(Work task):
All pictures are to be excluded when the data below is output verbatim.

Data records
┌────────
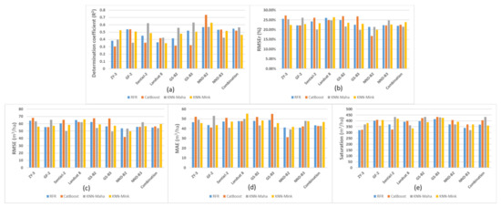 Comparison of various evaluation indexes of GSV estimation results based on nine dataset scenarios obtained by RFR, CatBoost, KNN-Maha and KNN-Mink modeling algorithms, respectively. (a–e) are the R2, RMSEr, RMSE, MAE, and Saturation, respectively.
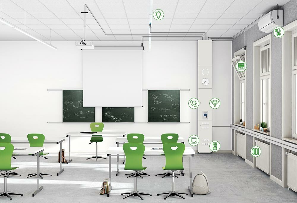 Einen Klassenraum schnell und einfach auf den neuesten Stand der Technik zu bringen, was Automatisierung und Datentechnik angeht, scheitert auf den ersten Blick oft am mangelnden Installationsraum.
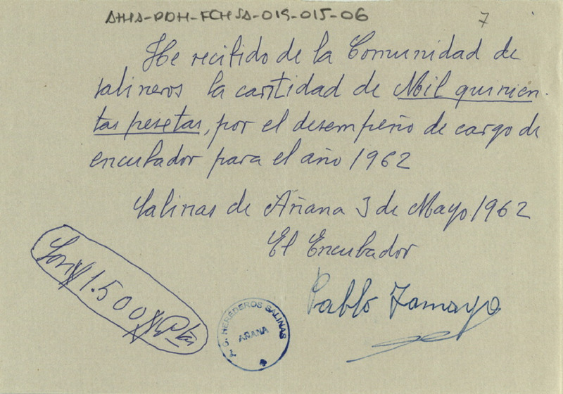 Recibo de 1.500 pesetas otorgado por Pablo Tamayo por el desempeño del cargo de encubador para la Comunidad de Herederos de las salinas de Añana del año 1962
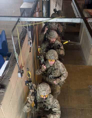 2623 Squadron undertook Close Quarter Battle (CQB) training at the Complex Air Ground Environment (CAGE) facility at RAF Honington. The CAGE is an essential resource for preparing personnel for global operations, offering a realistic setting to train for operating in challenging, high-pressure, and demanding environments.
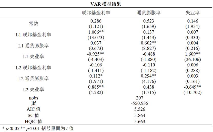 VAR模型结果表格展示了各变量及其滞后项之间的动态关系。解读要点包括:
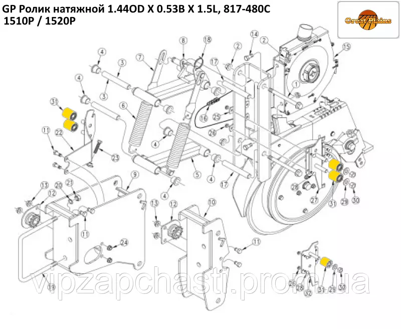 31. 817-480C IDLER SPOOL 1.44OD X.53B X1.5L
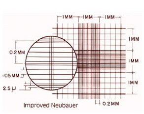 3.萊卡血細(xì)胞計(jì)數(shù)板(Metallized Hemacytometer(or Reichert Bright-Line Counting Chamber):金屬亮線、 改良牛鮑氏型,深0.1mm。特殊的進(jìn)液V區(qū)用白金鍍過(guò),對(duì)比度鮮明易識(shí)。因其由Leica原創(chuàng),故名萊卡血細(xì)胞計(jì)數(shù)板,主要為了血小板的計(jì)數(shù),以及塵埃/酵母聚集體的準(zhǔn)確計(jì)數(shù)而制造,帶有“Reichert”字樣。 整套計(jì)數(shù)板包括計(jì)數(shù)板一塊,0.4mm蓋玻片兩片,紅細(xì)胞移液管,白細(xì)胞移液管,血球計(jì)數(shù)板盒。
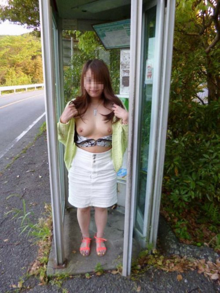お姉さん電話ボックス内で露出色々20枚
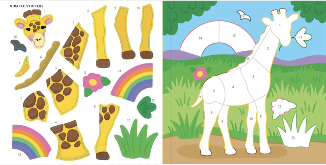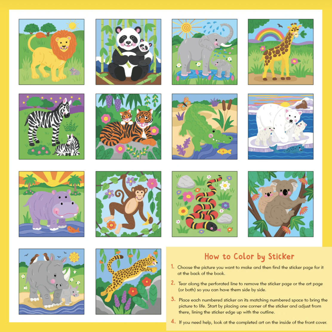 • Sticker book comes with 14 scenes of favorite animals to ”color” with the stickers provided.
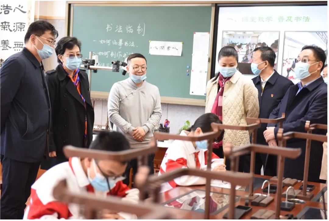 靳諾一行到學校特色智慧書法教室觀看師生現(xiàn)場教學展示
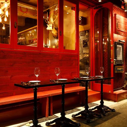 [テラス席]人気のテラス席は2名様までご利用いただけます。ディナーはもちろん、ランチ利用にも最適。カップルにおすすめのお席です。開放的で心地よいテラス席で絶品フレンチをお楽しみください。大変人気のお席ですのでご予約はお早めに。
└────────
(Result):
 Comparison of various evaluation indexes of GSV estimation results based on nine dataset scenarios obtained by RFR, CatBoost, KNN-Maha and KNN-Mink modeling algorithms, respectively. (a–e) are the R2, RMSEr, RMSE, MAE, and Saturation, respectively.
 Einen Klassenraum schnell und einfach auf den neuesten Stand der Technik zu bringen, was Automatisierung und Datentechnik angeht, scheitert auf den ersten Blick oft am mangelnden Installationsraum.
 Recibo de 1.500 pesetas otorgado por Pablo Tamayo por el desempeño del cargo de encubador para la Comunidad de Herederos de las salinas de Añana del año 1962
 2623 Squadron undertook Close Quarter Battle (CQB) training at the Complex Air Ground Environment (CAGE) facility at RAF Honington. The CAGE is an essential resource for preparing personnel for global operations, offering a realistic setting to train for operating in challenging, high-pressure, and demanding environments.
 VAR模型结果表格展示了各变量及其滞后项之间的动态关系。解读要点包括:
 31. 817-480C IDLER SPOOL 1.44OD X.53B X1.5L
 3.萊卡血細(xì)胞計(jì)數(shù)板(Metallized Hemacytometer(or Reichert Bright-Line Counting Chamber):金屬亮線、 改良牛鮑氏型,深0.1mm。特殊的進(jìn)液V區(qū)用白金鍍過(guò),對(duì)比度鮮明易識(shí)。因其由Leica原創(chuàng),故名萊卡血細(xì)胞計(jì)數(shù)板,主要為了血小板的計(jì)數(shù),以及塵埃/酵母聚集體的準(zhǔn)確計(jì)數(shù)而制造,帶有“Reichert”字樣。 整套計(jì)數(shù)板包括計(jì)數(shù)板一塊,0.4mm蓋玻片兩片,紅細(xì)胞移液管,白細(xì)胞移液管,血球計(jì)數(shù)板盒。
お姉さん電話ボックス内で露出色々20枚
 • Sticker book comes with 14 scenes of favorite animals to ”color” with the stickers provided.
 靳諾一行到學校特色智慧書法教室觀看師生現(xiàn)場教學展示
 [テラス席]人気のテラス席は2名様までご利用いただけます。ディナーはもちろん、ランチ利用にも最適。カップルにおすすめのお席です。開放的で心地よいテラス席で絶品フレンチをお楽しみください。大変人気のお席ですのでご予約はお早めに。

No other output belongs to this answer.